__Data for this task__:
------------------------------------------------
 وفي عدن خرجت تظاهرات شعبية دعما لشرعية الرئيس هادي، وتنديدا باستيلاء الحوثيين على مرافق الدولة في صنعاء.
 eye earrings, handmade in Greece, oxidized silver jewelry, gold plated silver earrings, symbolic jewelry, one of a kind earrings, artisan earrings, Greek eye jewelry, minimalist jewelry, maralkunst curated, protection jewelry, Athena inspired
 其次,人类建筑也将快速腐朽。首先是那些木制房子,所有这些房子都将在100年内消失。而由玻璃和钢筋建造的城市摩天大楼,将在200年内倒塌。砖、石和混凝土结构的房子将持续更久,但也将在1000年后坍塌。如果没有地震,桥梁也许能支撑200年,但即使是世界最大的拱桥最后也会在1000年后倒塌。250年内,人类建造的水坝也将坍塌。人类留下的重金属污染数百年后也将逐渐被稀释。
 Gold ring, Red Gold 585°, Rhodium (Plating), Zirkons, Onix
------------------------------------------------
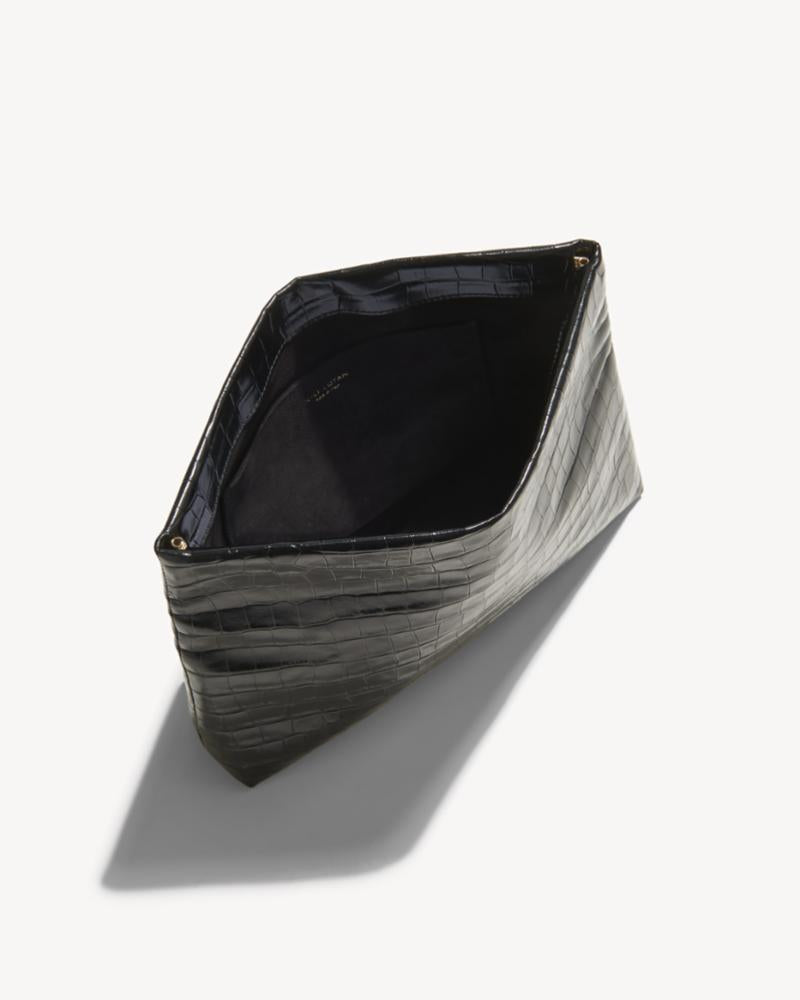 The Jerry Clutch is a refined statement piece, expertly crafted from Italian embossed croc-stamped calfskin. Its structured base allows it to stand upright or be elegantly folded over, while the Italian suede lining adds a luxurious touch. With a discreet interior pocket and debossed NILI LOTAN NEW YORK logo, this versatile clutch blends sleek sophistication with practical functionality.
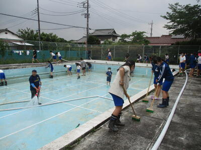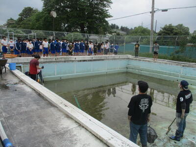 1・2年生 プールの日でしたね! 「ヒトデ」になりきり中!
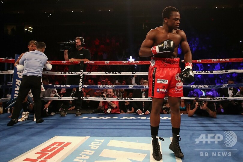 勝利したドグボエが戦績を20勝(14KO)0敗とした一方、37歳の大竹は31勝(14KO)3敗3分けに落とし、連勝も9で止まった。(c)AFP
------------------------------------------------
__Work item__: Taking the lines above, repeat exactly those from the line that contains "其次,人类建筑也将快速腐朽。" through the line that contains "Gold ring, Red", and both of those lines as well. Include nothing else.

__Written answer__:
 其次,人类建筑也将快速腐朽。首先是那些木制房子,所有这些房子都将在100年内消失。而由玻璃和钢筋建造的城市摩天大楼,将在200年内倒塌。砖、石和混凝土结构的房子将持续更久,但也将在1000年后坍塌。如果没有地震,桥梁也许能支撑200年,但即使是世界最大的拱桥最后也会在1000年后倒塌。250年内,人类建造的水坝也将坍塌。人类留下的重金属污染数百年后也将逐渐被稀释。
 Gold ring, Red Gold 585°, Rhodium (Plating), Zirkons, Onix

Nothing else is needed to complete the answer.